I also did more digging and found this thread to be 
useful: 
http://serverfault.com/questions/309848/how-can-i-check-the-build-status-of-a-jenkins-build-from-the-command-line
 

 [...]
  
  All have openjdk, Jenkins packages installed, all can ssh to each other 
 as 
  the 'jenkins' user. 

 You shouldn't need the jenkins package installed on the slaves, and 
 they don't need to ssh to each other.  Just a user with ssh keys set 
 up so the master can execute commands and it will copy the slave jar 
 over itself. 


Due to the lack of clear documentation for hands-off type of cluster setup, 
so far, I have based on what have been done mostly the following:

   1. 
   
https://wiki.jenkins-ci.org/display/JENKINS/Distributed+builds#Distributedbuilds-OtherRequirements
   2. 
   
https://wiki.jenkins-ci.org/display/JENKINS/Distributed+builds#Distributedbuilds-Example%3AConfigurationonUnix
   
Up to now, I have been using the list in 2. as my check list.  This is why 
I install Jenkins on all POC CI nodes so far:

*On master, I have a little shell script that uses rsync to synchronize 
master's /var/jenkins to slaves (except /var/jenkins/workspace) I use this 
to replicate tools on all slaves.*

Thanks for letting me know that installing Jenkins on slaves is 
unnecessary.  Let me make my system more KISS :-)


 -- 
   Les Mikesell 
 lesmi...@gmail.com javascript: 


-- Zack 


Re: Approach to build a cluster of Jenkins CI servers hands-off and tie them together?

2012-10-01 Thread zperry


 This would be a starting point - there is also a cli and a way to use 
 groovy to access the whole api. 
 https://wiki.jenkins-ci.org/display/JENKINS/Remote+access+API 


Reviewed the above, and saw this  *When your Jenkins is secured, you can 
use HTTP BASIC authentication to authenticate remote API requests.

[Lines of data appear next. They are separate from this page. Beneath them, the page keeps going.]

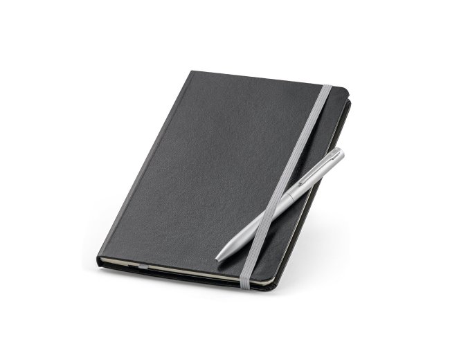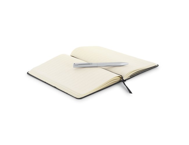 Conjunto esferográfica e caderno A5. O caderno A5 de capa dura tem 160 páginas pautadas cor marfim, fita separadora, bolso interior e elástico para fecho do bloco. A esferográfica em alumínio e clipe de ferro, tem mecanismo twist e escrita em azul. Conjunto fornecido em caixa de oferta. Esferográfica: ø10 x 138 mm | Caderno: 137 x 210 mm | Caixa: 190 x 240 x 30 mm
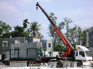 6. ติดตั้งพื้นชั้นบนโดยการยกแผ่นพื้นสำเร็จรูปวางลงผนังชั้นล่าง ยึดรอยต่อด้วยเหล็กเส้น และติดตั้งผนังชั้นบนต่อไป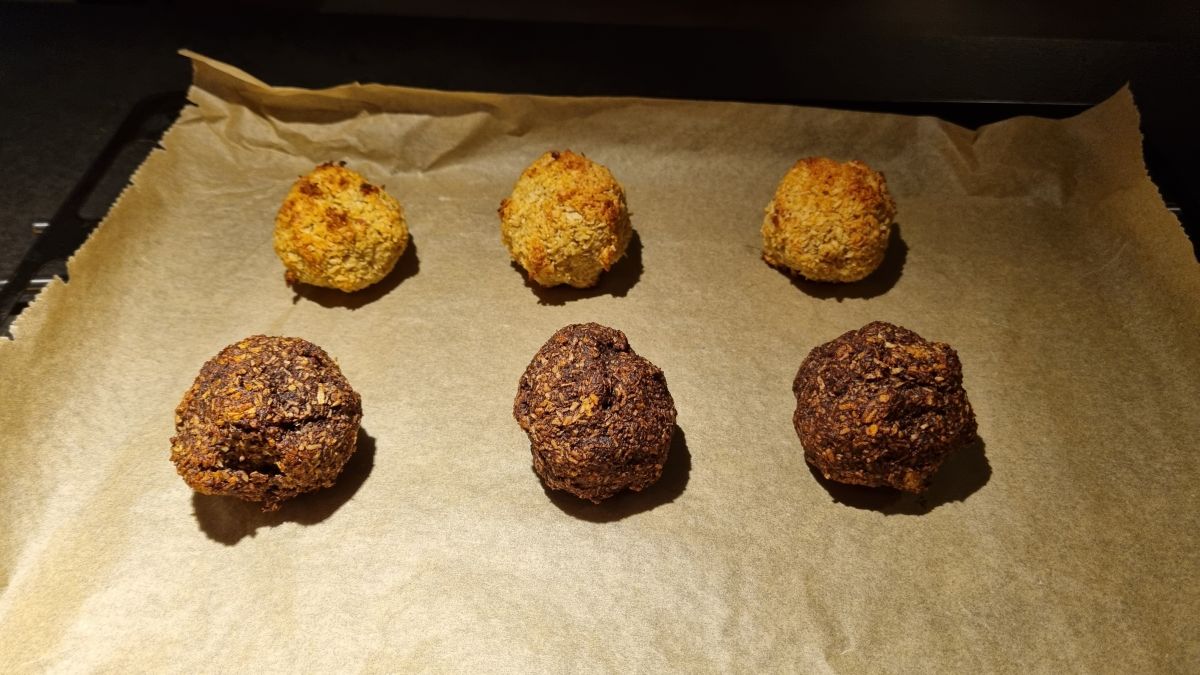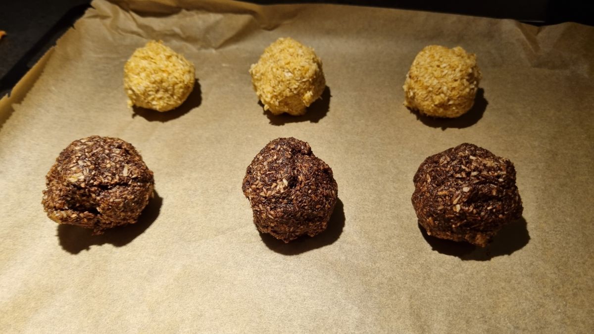 Ik ga ook weer kokos kopen, want ik heb het recept van @jootje ook gemaakt, had niet genoeg. Dus ik heb de helft gemaakt. Maar omdat ik wat wil minderen met suiker, wilde ik ze met dadels maken en dat gaat ook heel goed. De dadels malen met een sikkelmesje totdat alles fijn is. Het ei er even doorheen roeren en dan bij het kokos voegen. Van de helft van het deeg heb ik ook 15 gram cacao gevoegd, ook heerlijk! De volgende keer maak ik ze wel wat kleiner. Ik had totaal 6 stuks. En ik ga wat pure chocolade au bain marie smelten en de balletjes na het bakken erdoor heen rollen en even laten harden in de koelkast of vriezer. Dan heb ik een soort Bounty gemaakt, die vond ik altijd heerlijk, alleen te zoet en dat kun je dan zelf regelen. En je kunt het dus ook als een Bounty vormen i.p.v. een bal.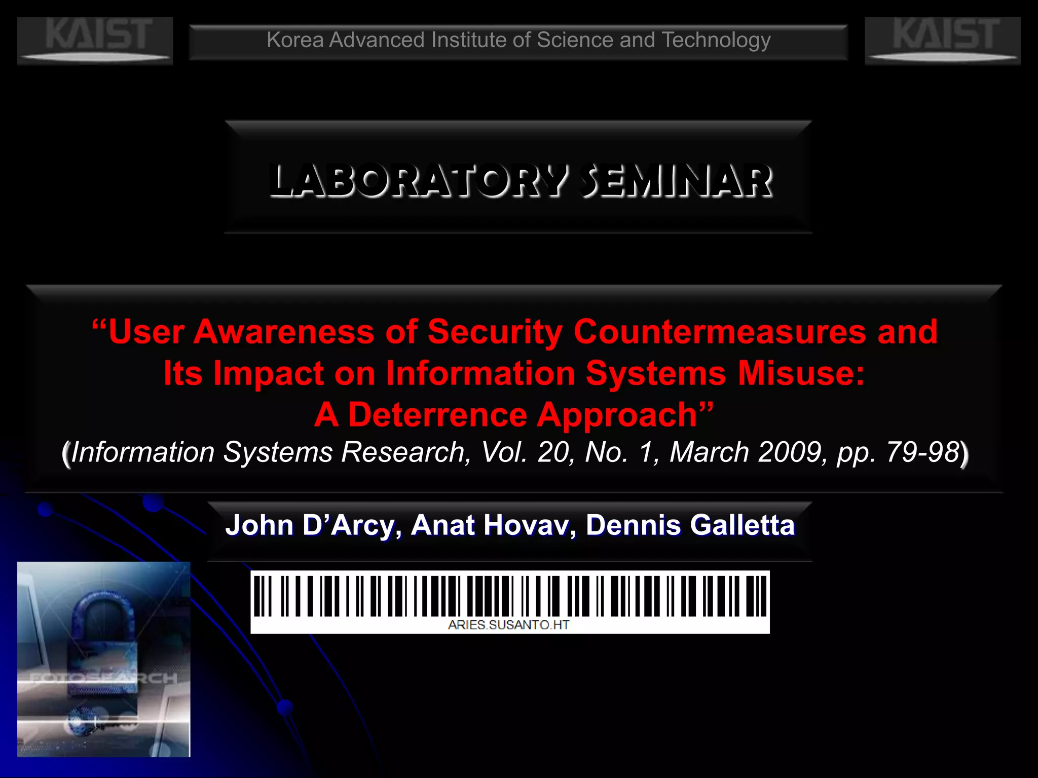 This document summarizes a research paper that empirically tests a model based on general deterrence theory regarding how user awareness of security countermeasures impacts perceptions of punishment certainty and severity for information systems misuse. The study developed hypotheses about the relationships between security policies, security education/training/awareness programs, computer monitoring, perceived certainty and severity of sanctions, and intentions for systems misuse. Data was collected through an online survey of professionals and analyzed using partial least squares and other statistical techniques. The results provided support for most of the hypotheses and showed that security countermeasures influence perceptions of punishment, which impact misuse intentions.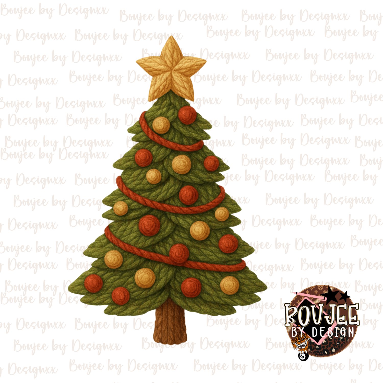 Bring cozy handmade charm to your holiday designs with this yarn-textured Christmas tree PNG — perfectly matching the “Boujee by Designxx” cozy yarn Santa collection! This unique artwork features a soft rope-like texture with warm green tones, a golden star, and red-gold ornaments, ideal for adding a handmade touch to your Christmas creations.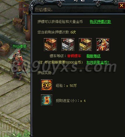 不可否认,8090烈焰护送押镖是日常活动中获得金币最多的一个。每天免费地接两次,运气好的话,一天600万不成问题。因为镖车是分品质的,一个四个品质等级,等级越高,其奖励也越高,最高品质的美女镖车一次可获得300万金币和300万经验的奖励,当真是财色赚收。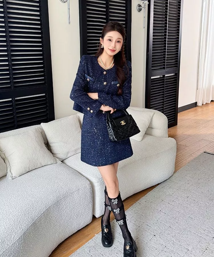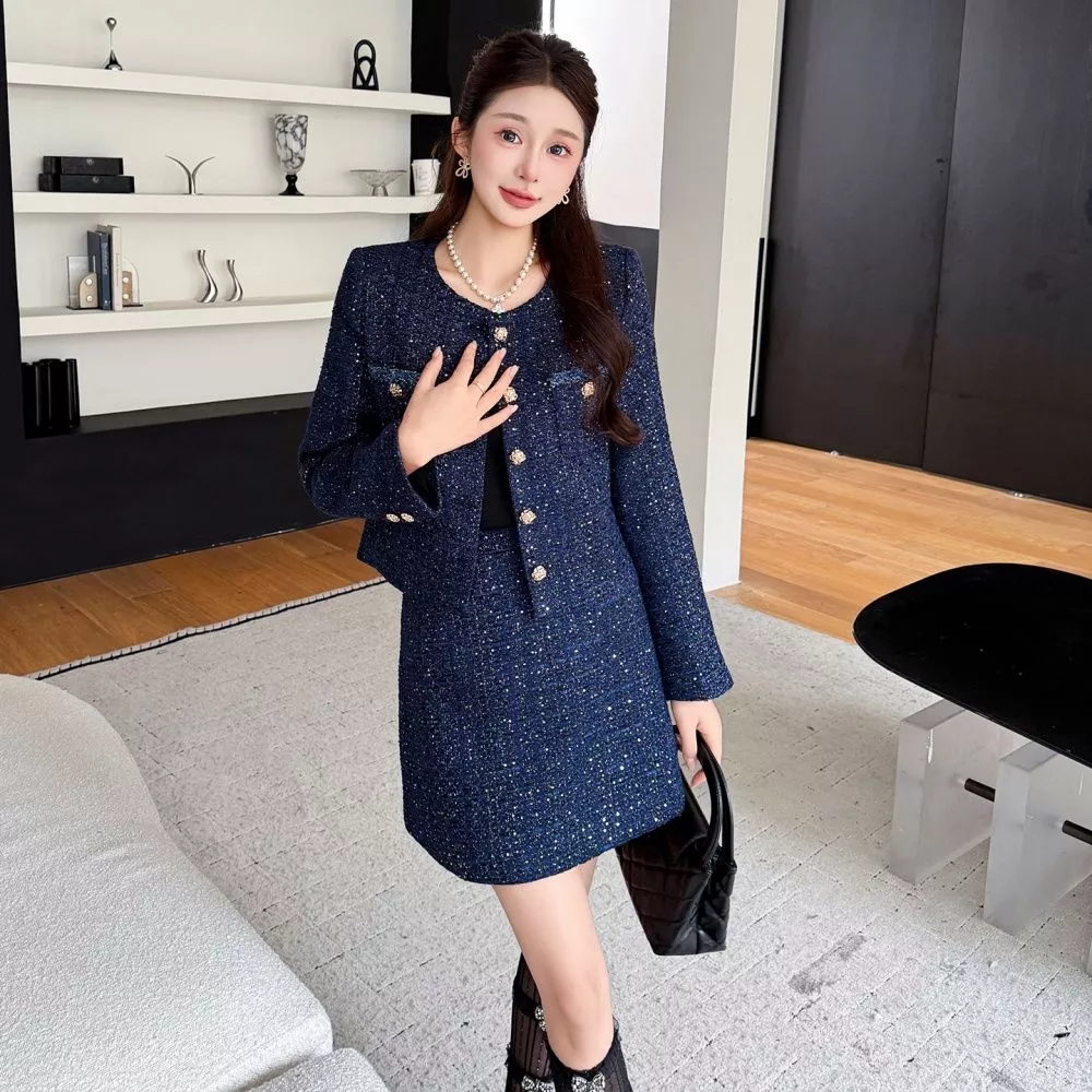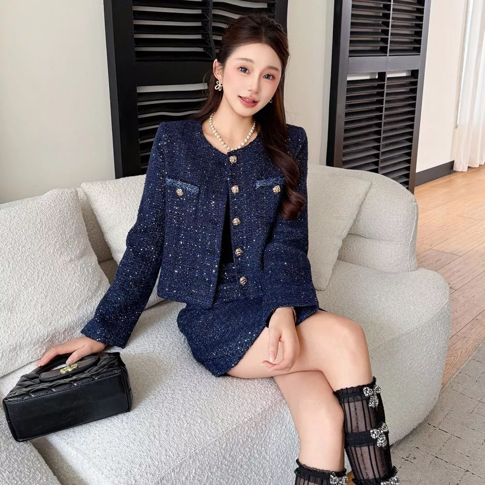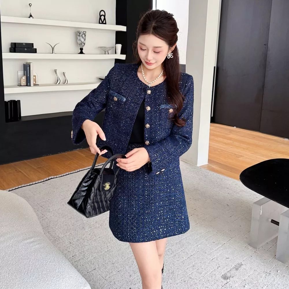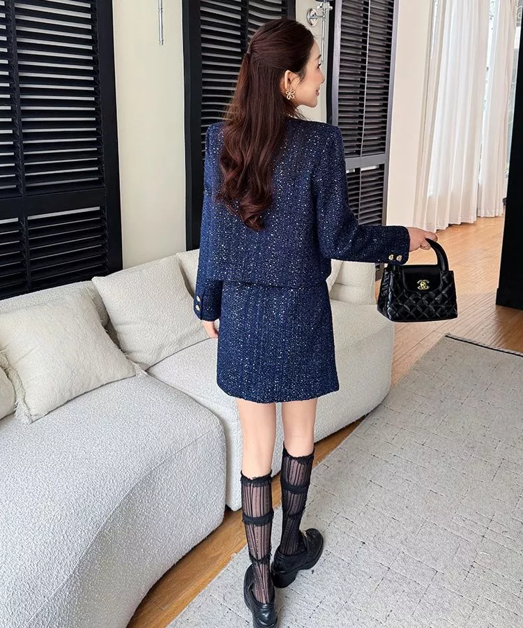 Un completo in tweed blu navy dallo stile elegante e moderno, composto da giacca strutturata con bottoni oro e gonna corta coordinata. La giacca, dal taglio pulito e raffinato, valorizza la figura grazie alla linea dritta e ai dettagli metallici che illuminano il look. La gonna, semplice e versatile, completa l’insieme con equilibrio rendendolo perfetto per un outfit curato e femminile.

See 
Authenticating 
scripted 
clientshttps://wiki.jenkins-ci.org/display/JENKINS/Authenticating+scripted+clients
 **for more details*.

IMHO this is a piece of ill-advice.  With our POC setup, and many other 
nodes running HTTP services, we simply use ssh forwarding for access using 
the localhost of the machine we are on.  That is, most of our HTTP services 
are configured to offer HTTP services to their respective localhost only. 
 This should be a common practice everywhere IMHO.